What is Spinal Macular Atrophy?
One such disease is spinal muscular atrophy (SMA). It is a rare genetic disorder that affects motor neurons, leading to progressive muscle weakness. Despite its seriousness, SMA type 1 is often overlooked or misdiagnosed because its early symptoms can mimic other common conditions.
Why is it difficult to find out?
For example, inability to sit upright or maintain head control may be seen as slow development. Similarly, muscle weakness in the arms and legs may be mistaken for low muscle tone, while difficulty eating and swallowing may be seen as common infant reflux or feeding problems.

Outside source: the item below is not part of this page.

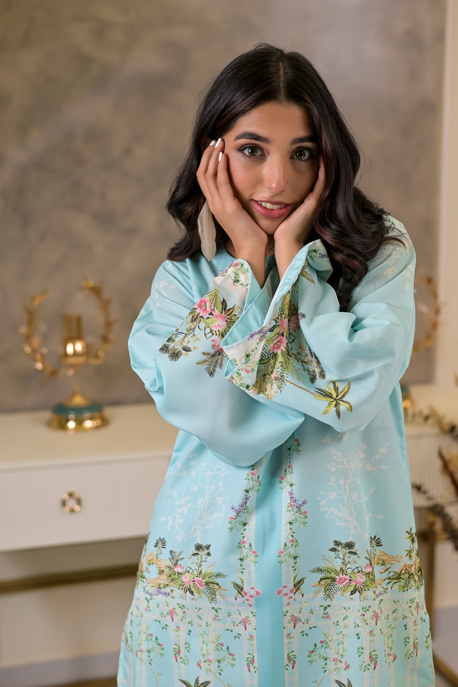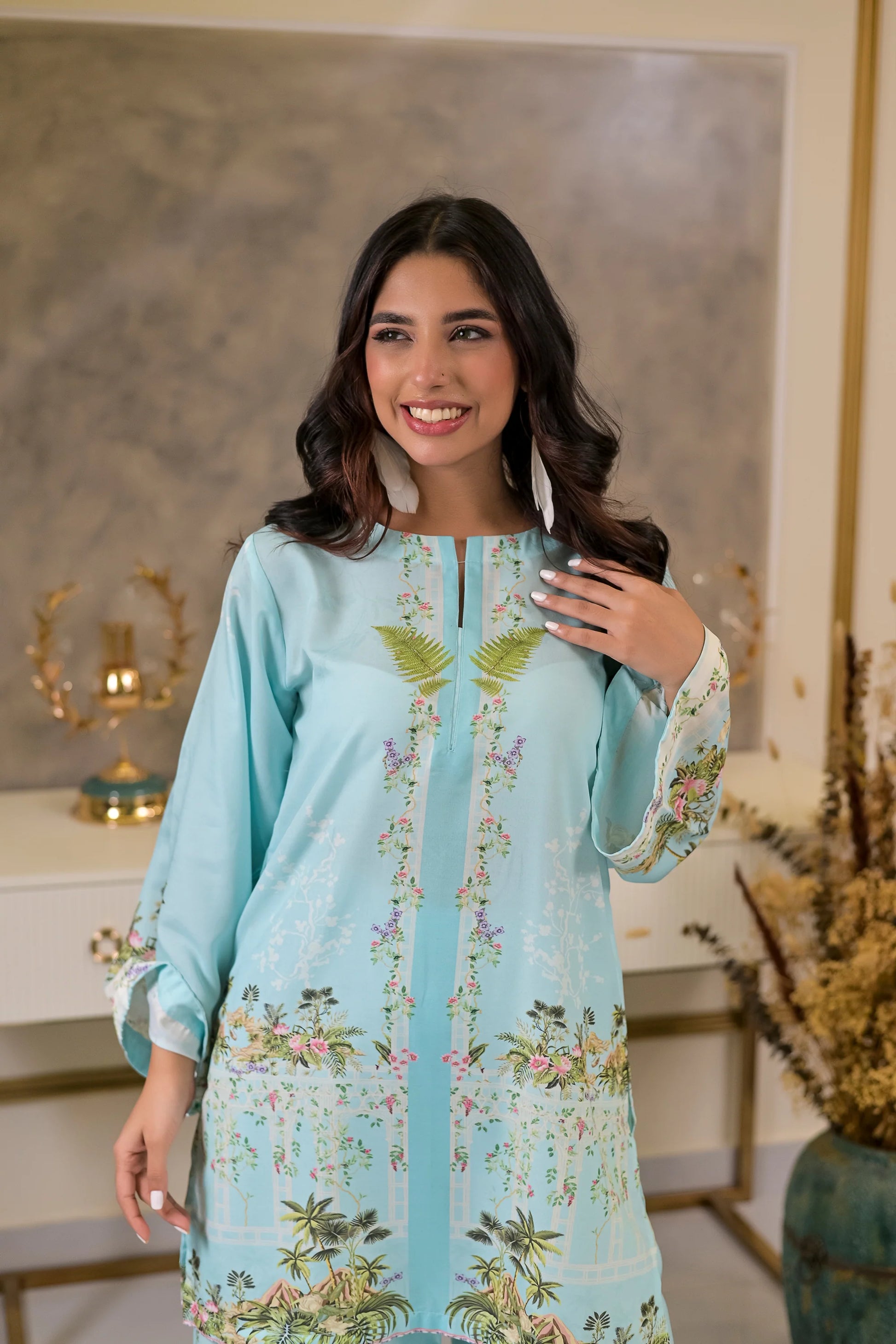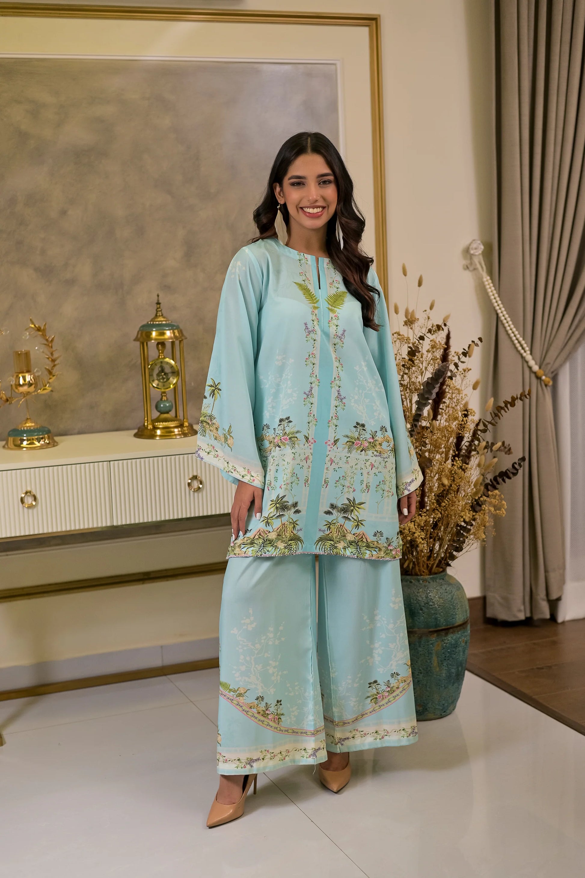 Azure Peace embodies calm sophistication with its soft aqua-blue base accented by delicate, nature-inspired prints. Tailored from lightweight blended crepe silk, this 2-piece stitched set features a straight-cut shirt with full sleeves and matching trousers, both highlighted with subtle detailing along the borders. Fresh, graceful, and uplifting—perfect for daytime wear that feels as serene as it looks.

Even breathing problems, which are common in SMA, are initially mistaken for a common cold or infection. Due to these symptoms and lack of awareness about rare diseases like SMA, it is often too late to diagnose it. This is why parents should not take such signs lightly and contact a doctor if they notice them in their child.
Early symptoms of SMA
Early identification of these symptoms can help children receive timely care and treatment. Some important information about the symptoms of SMA is that infants with SMA type 1 usually show symptoms in their first six months. Respiratory problems such as weak respiratory tissues and underdeveloped lungs are very common symptoms of SMA. Some other symptoms include difficulty swallowing and eating. Scotiosis is also one of the most common symptoms of SMA type 1. The condition also reduces the mobility of patients, causing joints to become stiff or dislocated.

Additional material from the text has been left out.